Hypothesis testing is easier than it sounds. In its most basic form, it relates to a method that can be used to to make a rational decision in relation to the reality of effects.
At first, this may still sound rather complex to some, so we need to examine things more closely to clarify a number of key points, and to allow you to formulate your own hypothesis approach that can be used in the future.
How Hypothesis Testing is Used
When we come to make a decision, there will be a number of options for us to choose from. However, the problem is that we make our decision on the basis of rather poor information that is generally incomplete and needs further assessment. This alone can lead to us making the incorrect choice, which then rolls over into potentially additional issues further down the road.
Let us contemplate a researcher that has two options, A and B. They may believe that A is better than B at the outset as it uses a different approach. A null hypothesis would then come to the conclusion that A and B are well matched and that there is no real difference between the two, hence the hypothesis that A is better than B ultimately being declared as null and void.
At the same time, the alternative hypothesis states that after testing, A is indeed better than B, so the initial theory is deemed to be correct. At this point, the researcher will have shown that the null hypothesis has been rejected as has the concept of equality between the two methods due to one option being more effective than the other.
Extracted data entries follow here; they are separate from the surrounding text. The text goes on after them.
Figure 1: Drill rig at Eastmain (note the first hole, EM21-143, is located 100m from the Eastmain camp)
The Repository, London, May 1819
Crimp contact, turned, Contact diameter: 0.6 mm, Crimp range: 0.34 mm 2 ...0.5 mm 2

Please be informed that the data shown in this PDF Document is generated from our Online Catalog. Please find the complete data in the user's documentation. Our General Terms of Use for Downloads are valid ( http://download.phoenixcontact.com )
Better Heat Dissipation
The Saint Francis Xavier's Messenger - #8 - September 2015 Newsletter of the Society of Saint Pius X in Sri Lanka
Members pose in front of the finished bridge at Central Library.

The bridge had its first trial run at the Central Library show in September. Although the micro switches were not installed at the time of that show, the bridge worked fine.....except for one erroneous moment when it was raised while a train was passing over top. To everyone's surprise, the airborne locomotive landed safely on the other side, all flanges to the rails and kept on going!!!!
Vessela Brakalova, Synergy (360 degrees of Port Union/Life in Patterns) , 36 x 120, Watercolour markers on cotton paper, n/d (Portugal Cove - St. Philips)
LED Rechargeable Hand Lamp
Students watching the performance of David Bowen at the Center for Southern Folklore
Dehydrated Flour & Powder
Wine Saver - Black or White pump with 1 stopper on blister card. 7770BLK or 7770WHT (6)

However, the only way in which this can be understood is by testing each option to determine the outcome.
So, in other words, hypothesis testing is where you look at different potential scenarios and outcomes and attempt to ascertain which outcome is more effective for your needs. However, there has to be an open mind regarding the potential result, which does then open up the possibility of errors occurring in the initial hypothesis.
Dealing with Errors in Hypothesis Testing
If we argue that the researcher believes A is better than B, and yet testing shows that the null hypothesis is correct and that the researcher is wrong, then there is clearly an error in their initial hypothesis. This is referred to as a Type 1 error, where there is mistaken belief that something is better than an alternative.
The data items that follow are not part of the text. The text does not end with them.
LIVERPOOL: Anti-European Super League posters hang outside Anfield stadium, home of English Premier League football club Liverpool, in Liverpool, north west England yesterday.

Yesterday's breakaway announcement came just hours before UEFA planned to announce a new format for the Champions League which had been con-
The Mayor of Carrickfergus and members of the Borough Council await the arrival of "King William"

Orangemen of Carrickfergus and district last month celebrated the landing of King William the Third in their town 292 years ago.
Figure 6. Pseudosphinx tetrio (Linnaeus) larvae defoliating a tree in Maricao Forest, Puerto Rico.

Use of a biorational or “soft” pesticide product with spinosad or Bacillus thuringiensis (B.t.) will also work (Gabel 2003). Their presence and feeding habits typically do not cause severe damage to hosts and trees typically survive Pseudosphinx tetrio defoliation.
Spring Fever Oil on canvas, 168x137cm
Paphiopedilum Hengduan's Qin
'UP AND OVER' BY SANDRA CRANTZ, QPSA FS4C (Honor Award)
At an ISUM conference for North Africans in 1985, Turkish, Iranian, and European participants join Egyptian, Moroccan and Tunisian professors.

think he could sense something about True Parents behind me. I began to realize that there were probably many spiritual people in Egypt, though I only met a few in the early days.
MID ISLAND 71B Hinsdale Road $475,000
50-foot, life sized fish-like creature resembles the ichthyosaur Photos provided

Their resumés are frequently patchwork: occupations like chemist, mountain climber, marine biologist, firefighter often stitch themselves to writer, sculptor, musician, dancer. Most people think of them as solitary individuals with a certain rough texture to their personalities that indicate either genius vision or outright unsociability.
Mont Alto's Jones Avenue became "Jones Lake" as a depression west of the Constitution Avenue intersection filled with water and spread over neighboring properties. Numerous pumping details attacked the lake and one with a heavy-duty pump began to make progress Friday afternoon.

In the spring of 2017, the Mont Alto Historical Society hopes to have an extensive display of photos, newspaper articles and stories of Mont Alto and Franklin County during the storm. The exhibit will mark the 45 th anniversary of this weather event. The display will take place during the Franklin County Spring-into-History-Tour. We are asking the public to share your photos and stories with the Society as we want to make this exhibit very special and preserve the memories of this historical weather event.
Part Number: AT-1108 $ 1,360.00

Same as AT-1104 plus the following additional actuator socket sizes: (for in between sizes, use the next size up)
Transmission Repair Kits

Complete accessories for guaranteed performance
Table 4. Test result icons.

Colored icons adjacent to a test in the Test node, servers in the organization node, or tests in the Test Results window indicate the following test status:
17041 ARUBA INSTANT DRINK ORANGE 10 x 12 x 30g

At the same time, if they believed at the outset that A and B would be equal, and it turned out that one was superior to the other, then they have made a Type 2 error with their hypothesis. In this instance, it is referred to as Type 2, where the initial belief is that something is the same when this is not true.
No errors are not to be feared as they are merely the outcome of the testing, and all testing should expect errors along the way This is all part of any experiment or process to understand and determine the best possible outcomes. Without significant testing, there will be no way to deduce better protocols in future practice.
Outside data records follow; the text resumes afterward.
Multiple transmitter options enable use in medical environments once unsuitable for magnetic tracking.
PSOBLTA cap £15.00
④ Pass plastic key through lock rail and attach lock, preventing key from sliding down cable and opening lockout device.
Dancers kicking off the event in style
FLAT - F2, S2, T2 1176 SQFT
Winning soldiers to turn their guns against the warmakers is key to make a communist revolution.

The Ultimate Need for Hypothesis Testing
Even though this is a rather simplistic explanation of the theory that lies behind hypothesis testing, it will be clear as to why there is a very real need for its existence. Merely assuming that one option is better than the other leads to problems. Doing so at the beginning will prove to be far more beneficial in the long term, as it means the correct approach can then be taken once the results of the testing are known.
This approach can be applied in a number of different industries, and it is at the foundation of research and development in a range of subjects. Of course, there can be a multitude of options and methods to take into consideration, leading to a more complex form of testing, but the core of it remains the same.
Without hypothesis testing, there would be far more mistakes made in development, whereas applying this simple equation and approach across the board will counteract those mistakes at the earliest opportunity.